J’ai appris à écrire en partant d’une mélodie,

A délaisser quelque peu l’aspect technique

Pour me concentrer sur le fond.

 

Parce que c’est ce qui compte : le fond. Je me rappelle de cette époque où je voulais en mettre le plus possible tout le temps. Il fallait que les gens le voient, il fallait qu’ils sachent que j’étais capable de. Que je pouvais faire. Que je savais faire. J’étais dans la démonstration au point d’en négliger le sens de ce que j’essayais de raconter.

Et c’est en écrivant « Eclipse » que j’ai compris que je faisais fausse route et qu’il fallait que je comprenne ce que je souhaitais raconter. C’est à partir de là que je me suis dit que ce que je cherchais à attraper avant tout et à transmettre aux gens, c’était le sentiment, quel qu’il soit. Celui qui gêne, qui bouscule, qui transporte, qui émeut, qui plombe, qui détruit, qui façonne, qui crève ou renaît, qui brûle ou noie ; le vrai sentiment, celui que tout le monde ressent, subit, provoque ou recherche vainement ou pas. Le sentiment commun, connu de tous et pourtant difficile à expliquer, c’est celui qui anime ma plume.
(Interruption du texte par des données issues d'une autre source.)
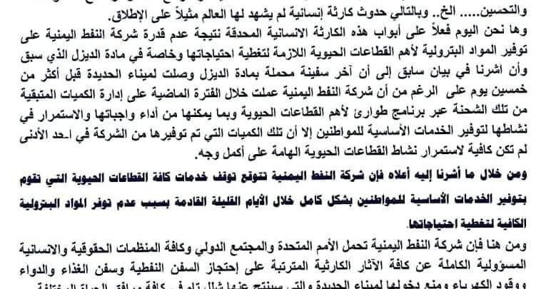 ومن خلال ما أشرنا إليه أعلاه فإن شركة النفط اليمنية تتوقع توقف خدمات كافة القطاعات الحيوية التي تقوم بتوفير الخدمات الأساسية للمواطنين بشكل كامل خلال الأيام القليلة القادمة بسبب عدم توفر المواد البترولية الكافية لتغطية احتياجاتها.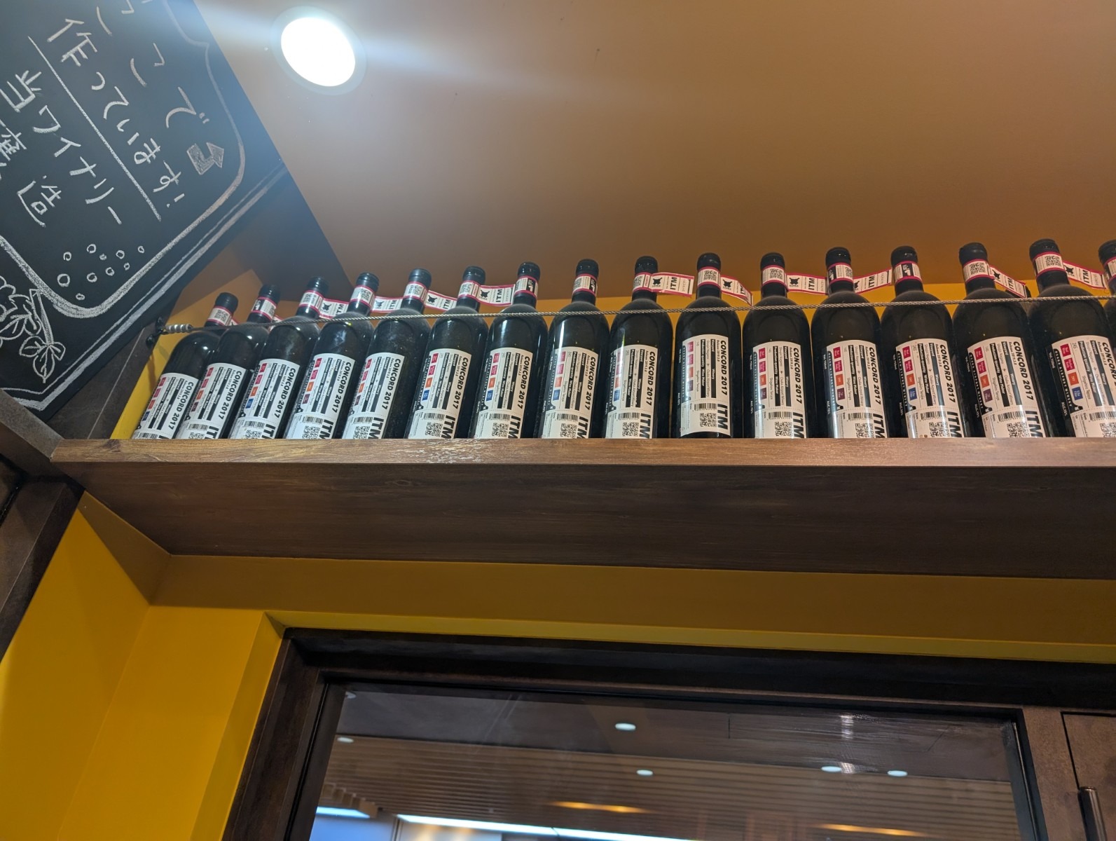 店内の棚の上にはワインボトルがずらり。ワイン好きなら思わず見上げてしまうこと間違いなし。

Ces moments où l’ineffable et l’indicible se marient pour accoucher d’une chimère tout aussi indescriptible, hors de portée mais pourtant si présent.

 

C’est pour cette raison que je parlais de héros banals, plus haut. Car ces héros que je décline dans chacun de mes titres, c’est vous, moi, l’autre. Nous.

Parfois, le moi prend le dessus parce qu’il faut être un peu narcissique, je crois, pour écrire des chansons qu’on souhaite faire reprendre à toute une foule d’inconnus, mais lorsque ce n’est pas le cas et que des histoires viennent à moi comme dans « LCLF », « Amani », « B&J » ou « Dora », je me surprends à penser que je peux aussi être ambassadeur d’une émotion qui ne m’appartient pas.

 

Etre auteur-interprète n’est pas si éloigné que ça du métier d’acteur, c’est ce que je crois.

« Farewell » est comme une grande pièce dans laquelle une multitude de personnages prennent place, y entrent et en sortent par différentes portes mais ne regardent que par une seule fenêtre, celle de mes yeux.

 

A travers ces onze pistes,

J’évoque mes sentiments, les vôtres,

Les faiblesses, les erreurs, les combats,

Les rencontres et les ruptures,

Les genoux à terre, les mentons levés au ciel,

Les yeux vides et ceux brûlant d’un feu impossible à étouffer.

 

« Farewell » parle d’amour et de son absence.

Un itinéraire de onze escales raconté par un illustre quidam qui, par un heureux concours de circonstances, s'est vu doté d'une voix, d'une feuille, d'un stylo et d'un micro et qui s'en sert car il se veut chanteur.